Quanto ao medo de não corresponder às expectativas, vai de cada um. Eu adoro quando blogueiros e blogueiras pegam meus livros e prometem fazer resenha. Fico nas nuvens! E me borrando de medo.
Quantas vezes você revisa seus textos antes de sentir que eles estão prontos? Você mostra seus trabalhos para outras pessoas antes de publicá-los?
Eu nunca reviso porque isso tem de ser feito por um(a) profissional.
Agora… mostrar o livro a alguém antes de pensar em publicar é essencial. Qual o melhor tipo de leitor beta? Aquele que você sabe que vai falar “tá uma merda”.
Meu conselho seria: “nunca deixe a vontade de receber elogio te fazer entregar o livro a um amigo puxa-saco”. Isso prejudica muito, mas muito mais.
Como é sua relação com a tecnologia? Você escreve seus primeiros rascunhos à mão ou no computador?
À mão eu só escrevo aquilo que eu tô com pressa pra registrar, mas os originais vão sempre o computador. Odeio máquina de escrever, também. Troço desconfortável e lerdo!

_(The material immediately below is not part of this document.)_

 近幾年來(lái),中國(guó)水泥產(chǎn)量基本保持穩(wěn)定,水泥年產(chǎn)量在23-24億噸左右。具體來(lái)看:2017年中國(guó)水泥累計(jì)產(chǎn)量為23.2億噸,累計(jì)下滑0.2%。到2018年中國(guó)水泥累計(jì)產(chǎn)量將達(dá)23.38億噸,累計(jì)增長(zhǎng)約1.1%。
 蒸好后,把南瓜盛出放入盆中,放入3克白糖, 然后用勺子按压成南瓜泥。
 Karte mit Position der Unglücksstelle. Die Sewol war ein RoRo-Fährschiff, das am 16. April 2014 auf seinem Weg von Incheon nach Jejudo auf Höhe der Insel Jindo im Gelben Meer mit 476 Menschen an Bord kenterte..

Mas eu queria uma vintage na minha estante, só pra olhar.
De onde vêm suas ideias? Há um conjunto de hábitos que você cultiva para se manter criativo?
Todas, sem exceção, vêm do dia-a-dia. Vêm das conversas nos ônibus e metrôs, dos vendedores ambulantes, das donas-de-casa. Costumo inclusive deixar um app gravador de voz à mão pra registrar alguma ideia bem no meio do trânsito, quando necessário.

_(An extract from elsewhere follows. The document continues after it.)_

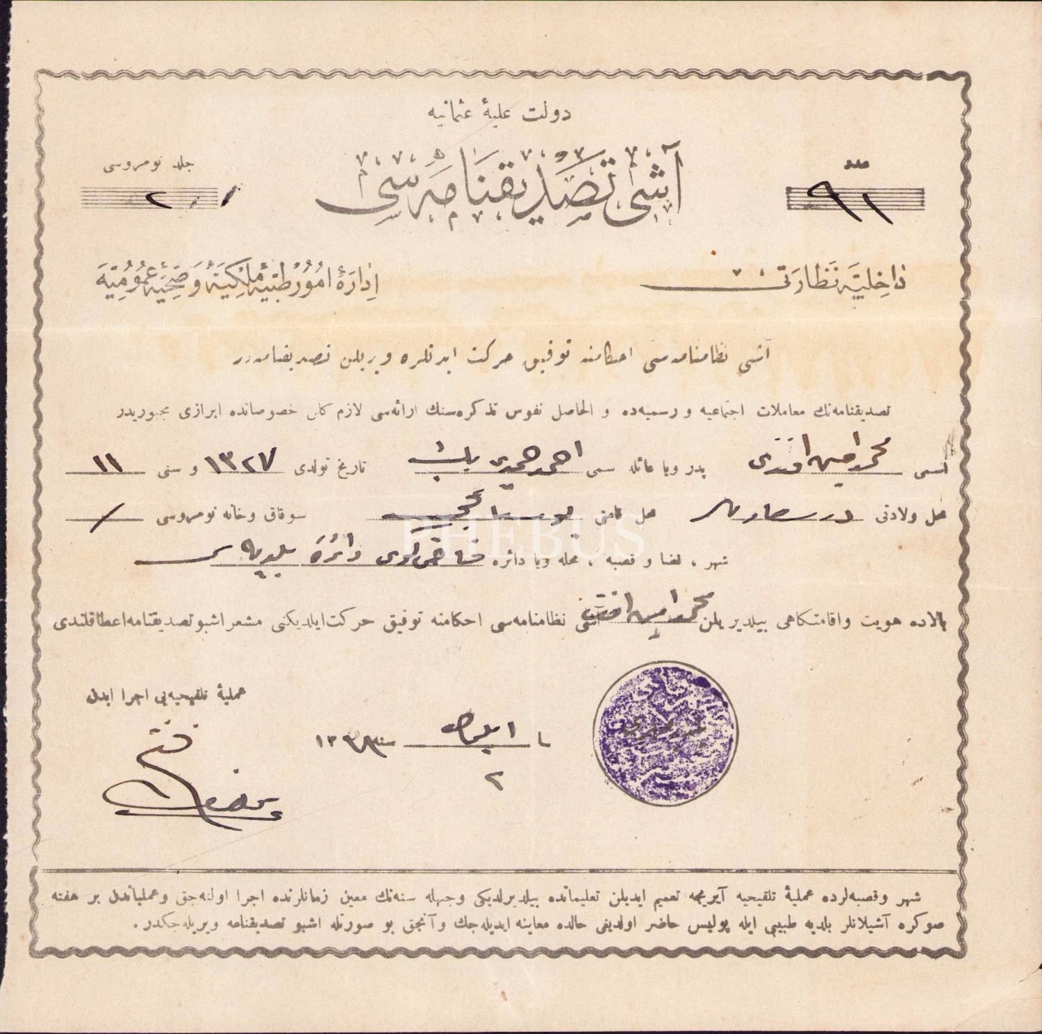 Osmanlı Devleti Aşı Tadiknamesi, 1328, 19x20 cm

Essas situações ganham roupagem fantástica nas minhas histórias, mas de uma forma ou de outra, todas existiram e eu presenciei.
O que você acha que mudou no seu processo de escrita ao longo dos anos? O que você diria a si mesmo se pudesse voltar à escrita de seus primeiros textos?
Eu sou implacável quando o assunto é criticar e o que mais critico é meu próprio texto. “O Brakki “saiu em Setembro de 2018 e tá arrebentando, graças a Carl Sagan, mas esse livro nasceu em 2015! Ficou tão ruim que em 2017 eu deletei o arquivo e o reescrevi inteiro.
Que projeto você gostaria de fazer, mas ainda não começou? Que livro você gostaria de ler e ele ainda não existe?
Esse ano escrevi um longa-metragem e vou tentar de tudo pra conseguir levantar grana pra rodá-lo. Mas a Mirta não vai parar no primeiro livro, isso é uma certeza (desde que eu esteja vivo e com saúde)! Quero fazer uma coletânea de novelas da personagem.
Outra coisa que já está acontecendo é a tradução da loirinha pra eu levá-la para o exterior.
Quanto à segunda pergunta, eu só lamento que escritores que adoro, como o Tolkien, já tenham morrido. Eu queria ler ainda muito mais!